Remove these two. They belong in /boot/loader.conf. But you don't need to load them anyway. Both sound(4) and snd_hda(4) are already built-in with the GENERIC kernel so they don't need to be loaded.


----------



## Gridsah (Jul 29, 2021)

SirDice said:


> Remove these two. They belong in /boot/loader.conf. But you don't need to load them anyway. Both sound(4) and snd_hda(4) are already built-in with the GENERIC kernel so they don't need to be loaded.


Thank you for reminding me. I removed the two lines, but the problem is still here.

I guess the screen blink and blacked screen may caused by Realtek ALC283 driver or intel HD4400 (i915) driver?

Realtek ALC283 is my default audio out device, but I am sure no voice out from it. After I selected Intel Haswell (HDMI/DP 8ch) as my voice out device, the screen problem happned.


----------



## the3ajm (Jul 31, 2021)

Have you tried switching to an older video driver i915kms that comes with the kernel? Looks like you might be using the newer one.


----------



## fbsd_ (Aug 2, 2021)

SirDice said:


> Remove these two. They belong in /boot/loader.conf. But you don't need to load them anyway. Both sound(4) and snd_hda(4) are already built-in with the GENERIC kernel so they don't need to be loaded.

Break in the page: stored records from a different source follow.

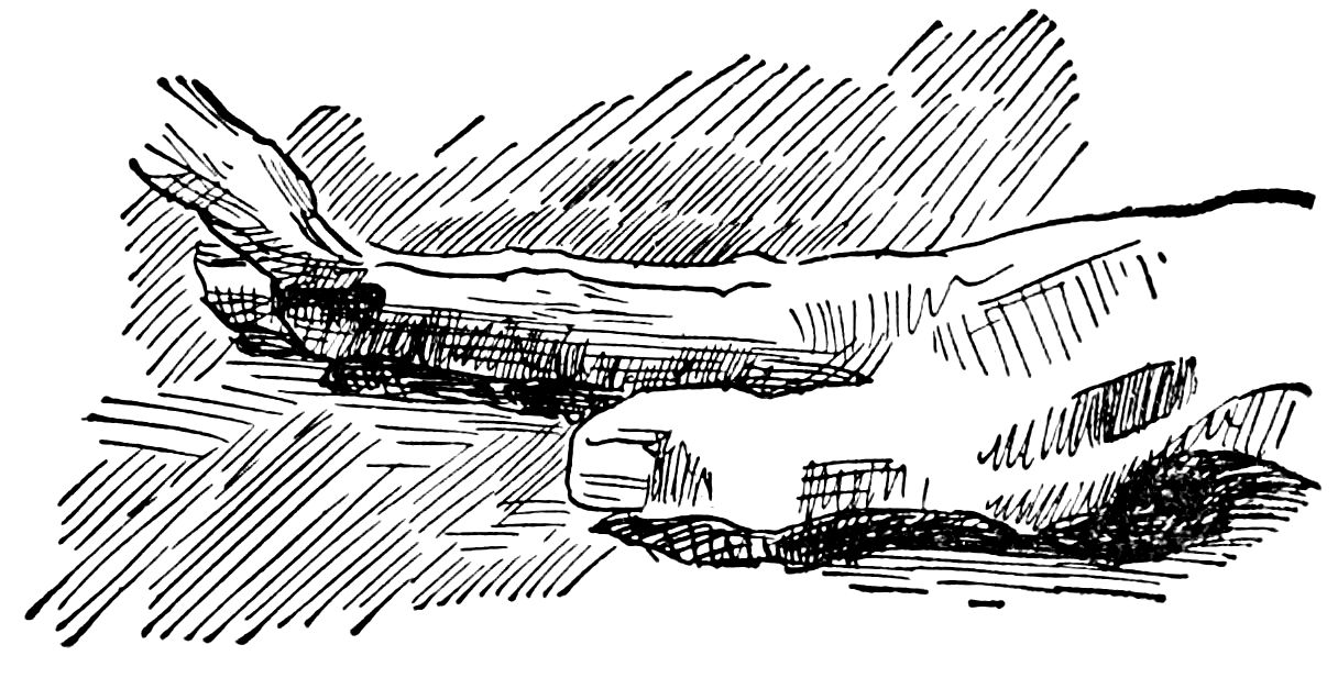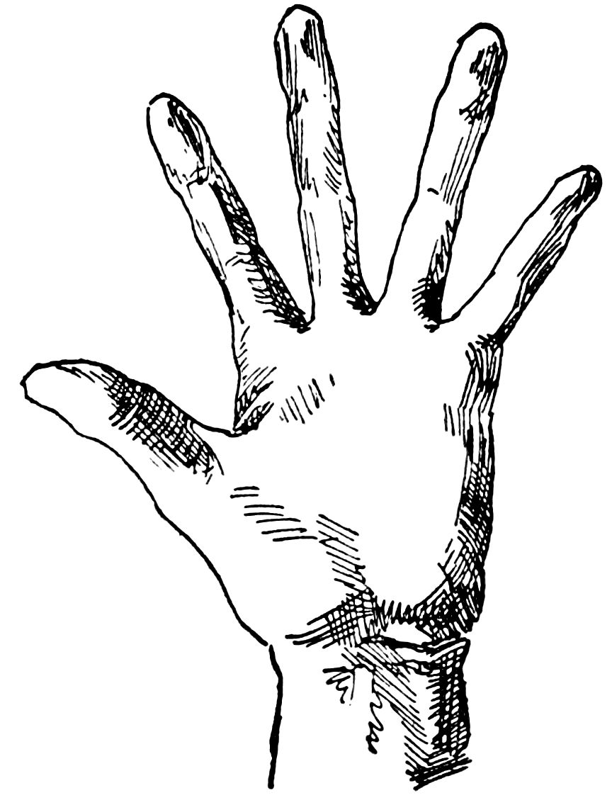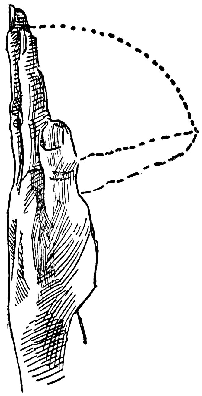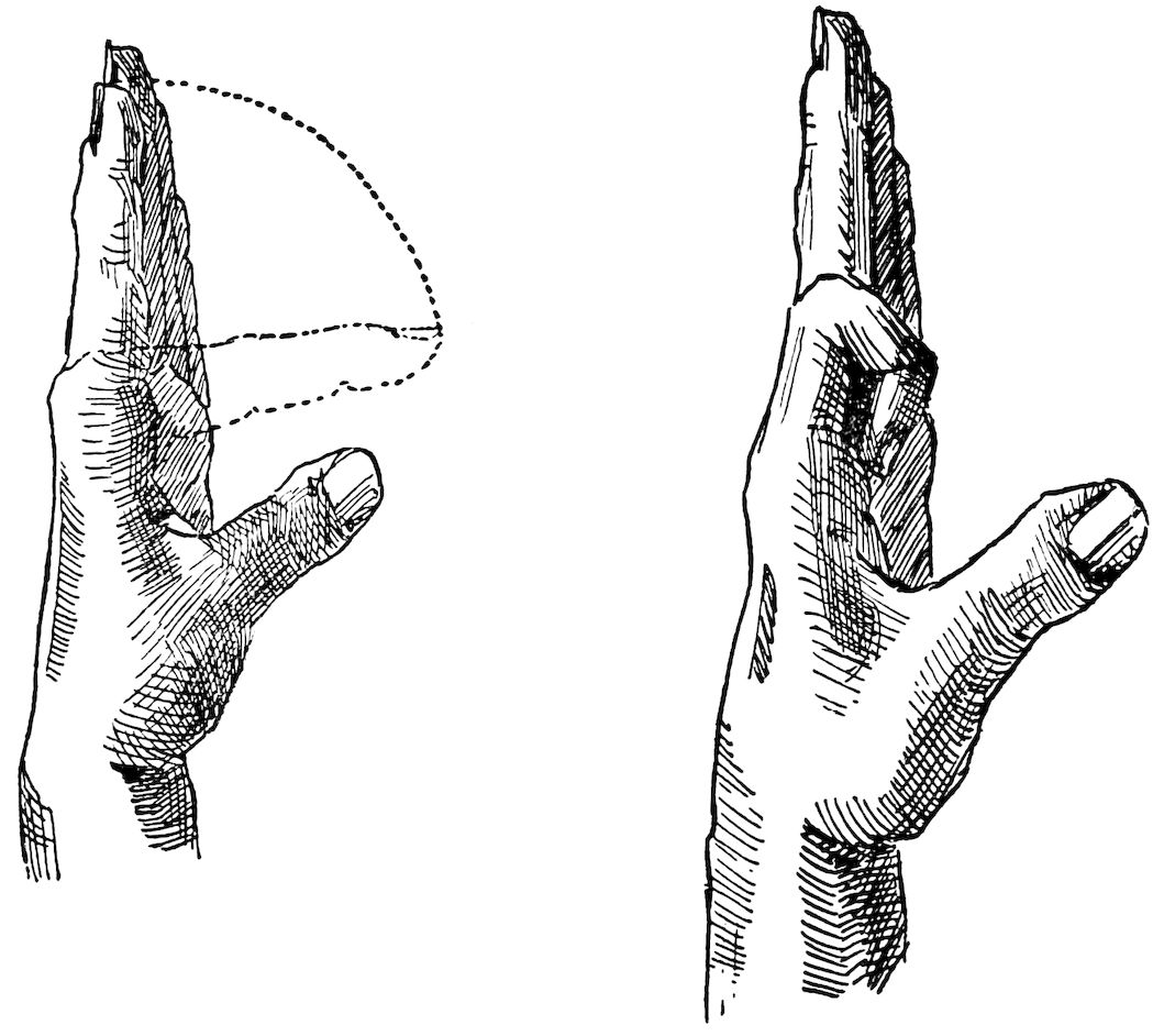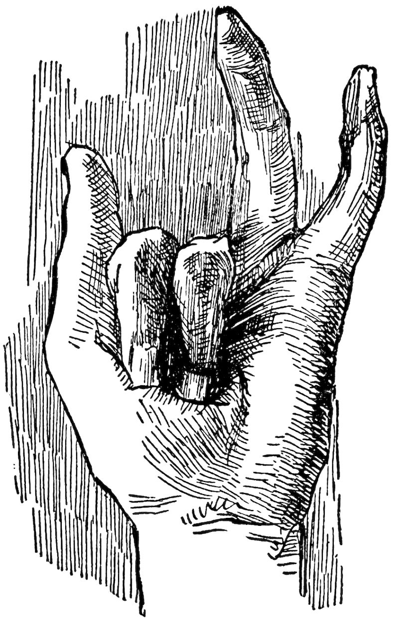 Open the left hand, thumb and fingers, all close together, turning the hand so that the thumb is towards your body and the little finger away from it. Bend the first finger at the knuckle joint, and nowhere else, and bring it down toward the palm of the hand until it is horizontal, that is at right angles to the plane of the palm and the other fingers. If it will not come down of itself, help it a little with the other hand, but be careful not to strain the left hand muscles when you are first starting this exercise. Try not to move the other fingers of the left hand while you are bending the index finger downward. Repeat this motion ten times.
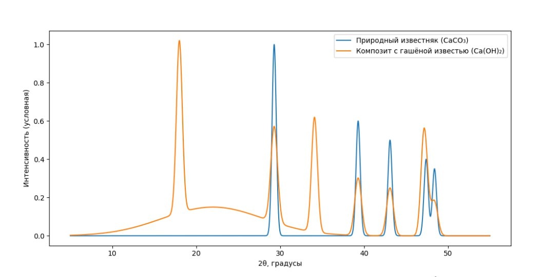 процесс изготовления камня был технологическим, а не природным!!! Как гашёная известь выглядит в РФА (рентгенофазовом анализе) Гашёная известь — кристаллическая фаза, и она обязательно проявляется на дифрактограмме. Характерные пики Ca(OH)₂ (портландита): Основные диагностические максимумы: 2θ ≈ 18,0° → самый важный признак 2θ ≈ 34,1° 2θ ≈ 47,1° слабые — около 50–51° 👉 Пик ~18° — ключевой. Если он есть — в образце точно присутствует Ca(OH)₂. На графике (дифрактограмме) появились бы новые пики: возник бы выраженный пик около 18° 2θ, добавились бы пики ~34° и ~47°, часть кальцитовых пиков могла бы ослабнуть. ❗️ В вашем анализе пика около 18° НЕТ — это очень сильный аргумент. Изменился бы фон (очень важно) Композит с гашёной известью почти всегда содержит: воду (связанную и адсорбированную), карбонизирующиеся продукты, плохо кристаллизованные фазы. Это дало бы: повышенный аморфный фон, «размытую» область 15–30°, менее чёткие пики. В вашем образце фон ровный и низк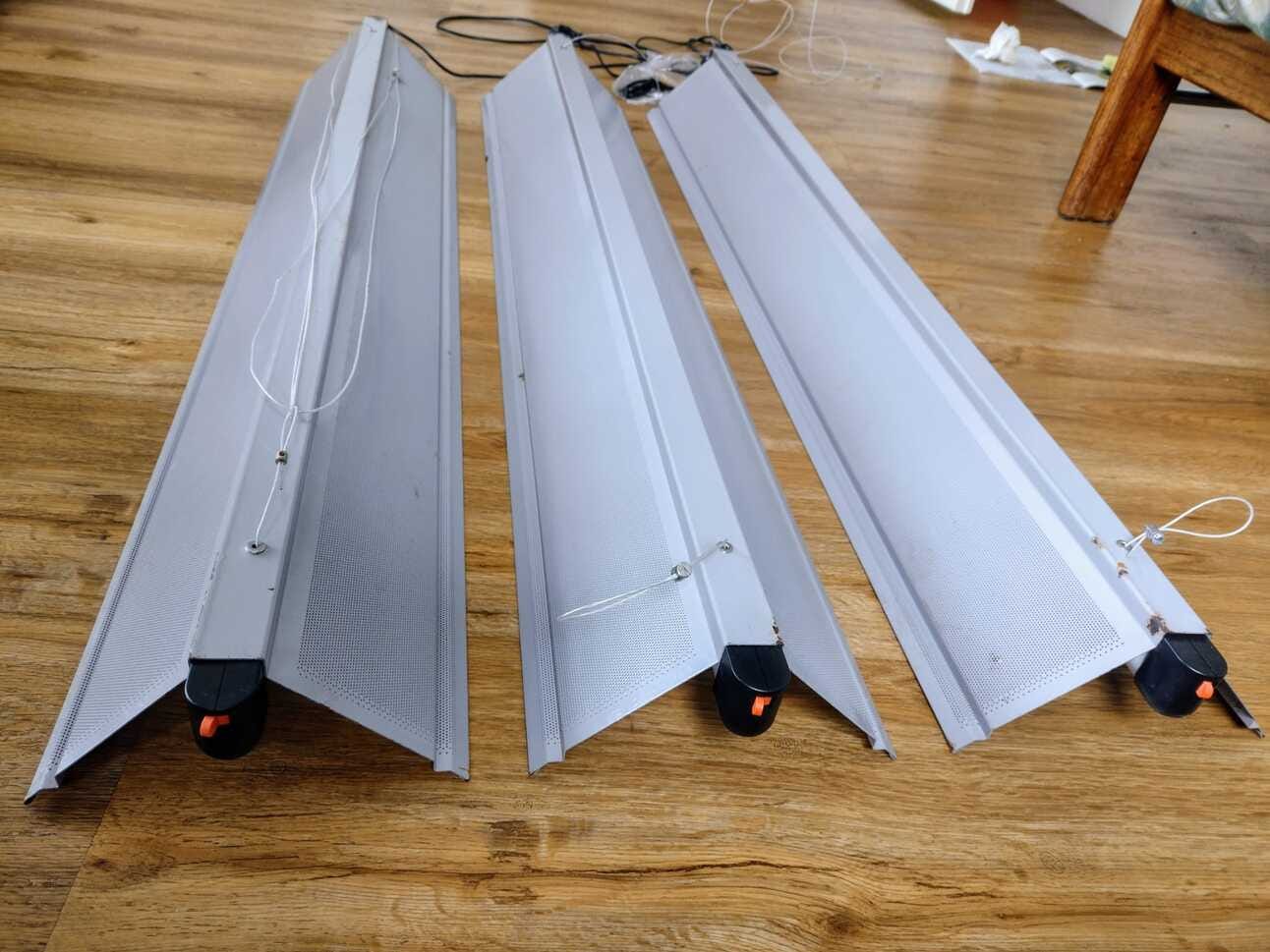 De lampen worden online aangeboden voor 250 tot 400 euro per stuk. Let wel: deze hebben enkele kleine roestplekjes. Meer foto’s op aanvraag.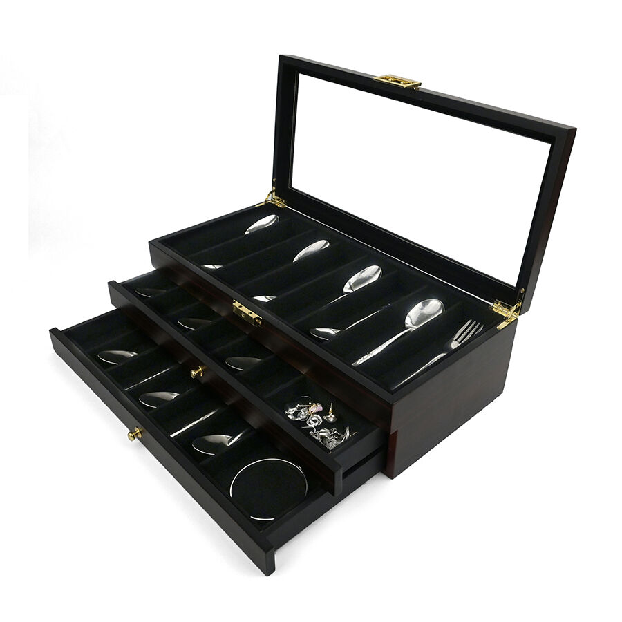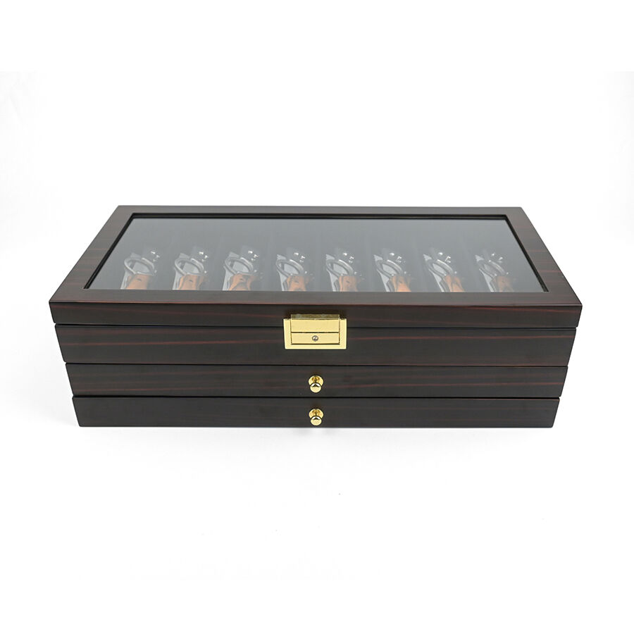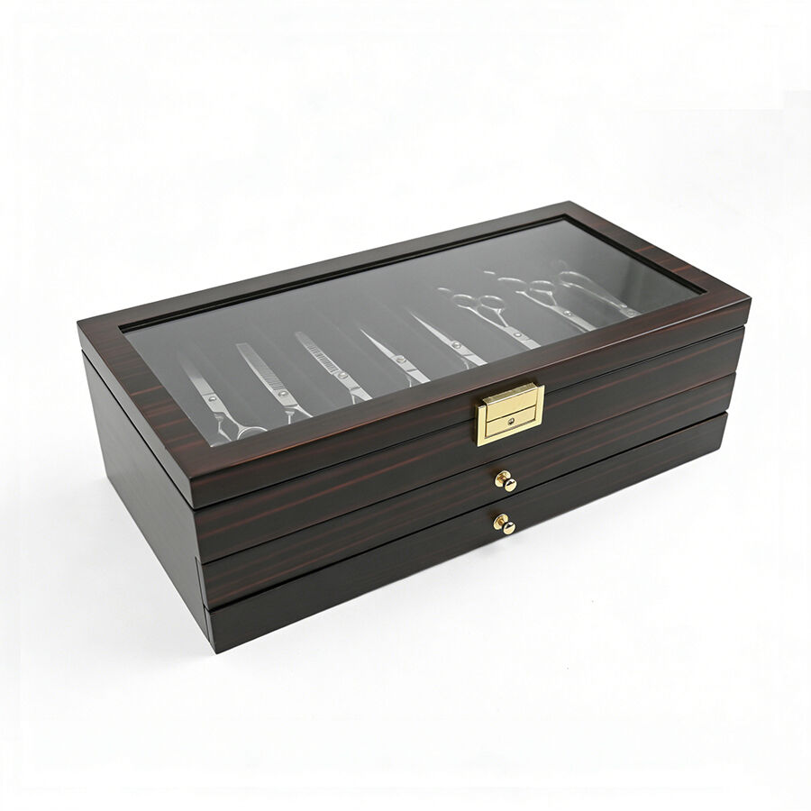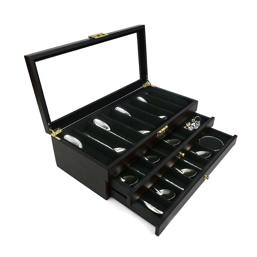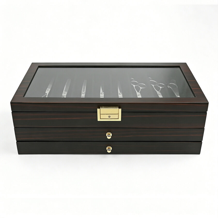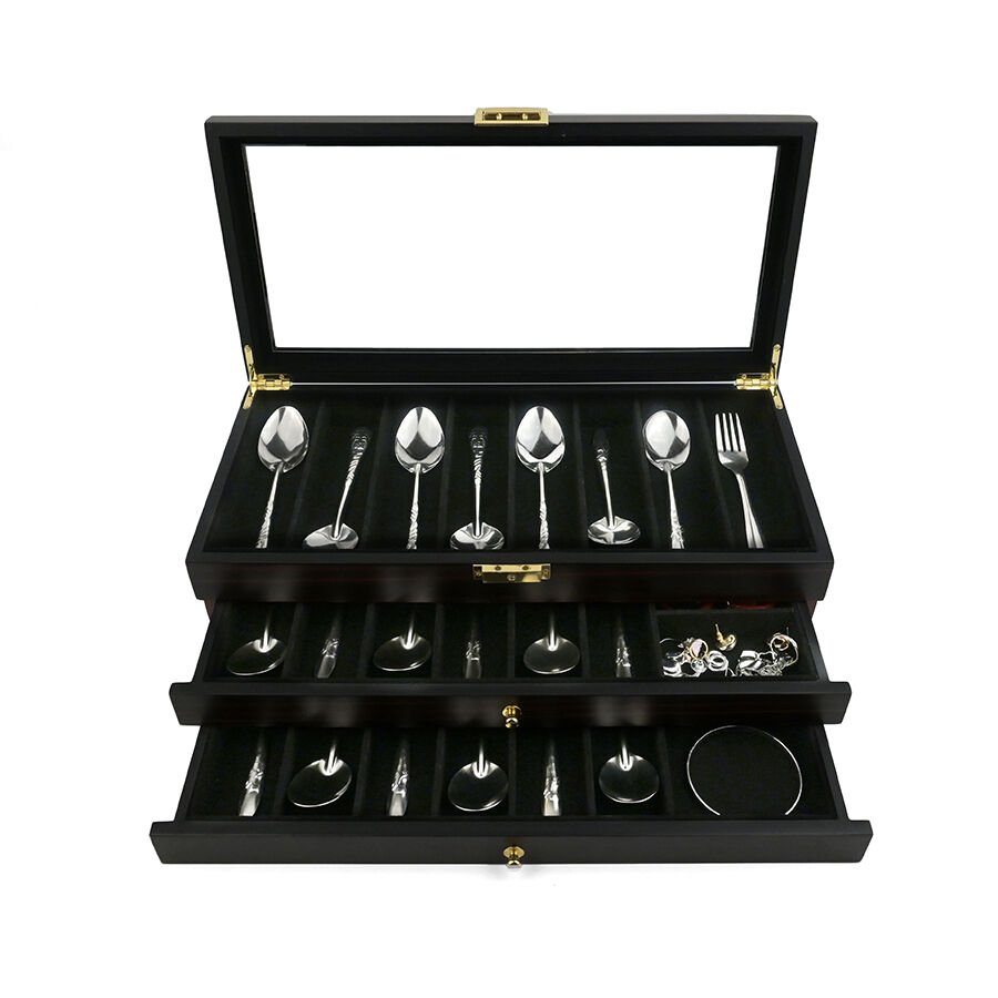 Trelags træopbevaringskasse med lås, ebensorttømmerlakfinish, gennemsigtigt vindue, støvfrit udstillingsskab til militær kniv, suppeske og hårsaks.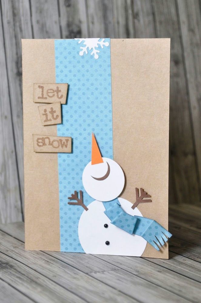 Вырежьте глаза и нос и приклейте их к своим обычным карточкам для заметок или начните с коричневой карточки и соберите снеговика с нуля, используя бумагу, как Кэрол из Carol Payne Stamps.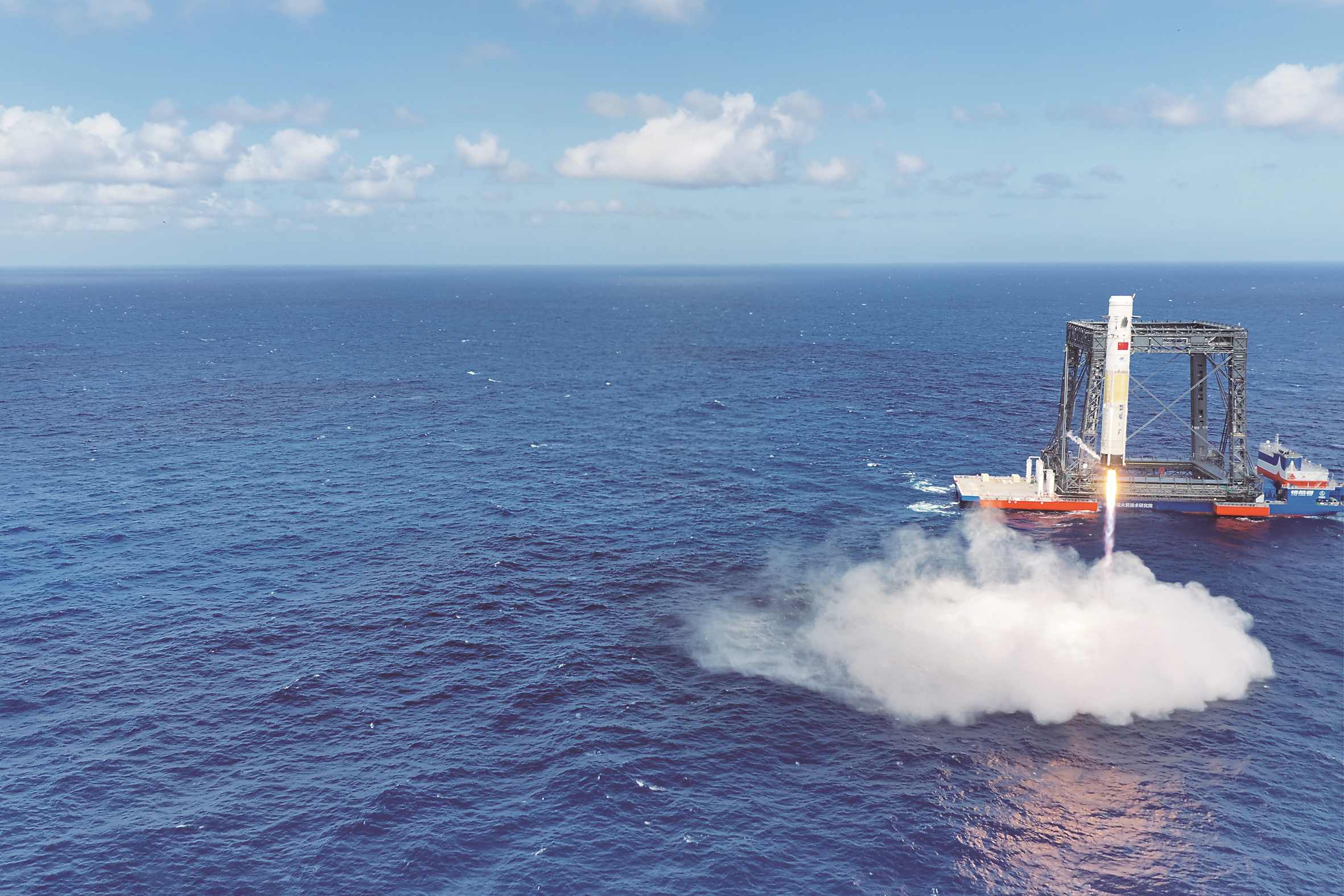 2月11日,我国在文昌航天发射场成功组织实施长征十号运载火箭系统低空演示验证与梦舟载人飞船系统最大动压逃逸飞行试验。长征十号运载火箭一级箭体按程序受控安全溅落于预定海域。 新华社发(韩庆策 摄)

Yea as SirDice told me before, you need to add anything that contains 'load' to /boot/loader.conf


----------



## grahamperrin@ (Aug 7, 2021)

Gridsah said:


> … Firefox … After I selected Intel Haswell (HDMI/DP 8ch) as my voice out device, the screen problem happned.



Maybe irrelevant, but try `media.cubeb.backend` `oss`

<https://www.freshports.org/www/firefox/#message>


----------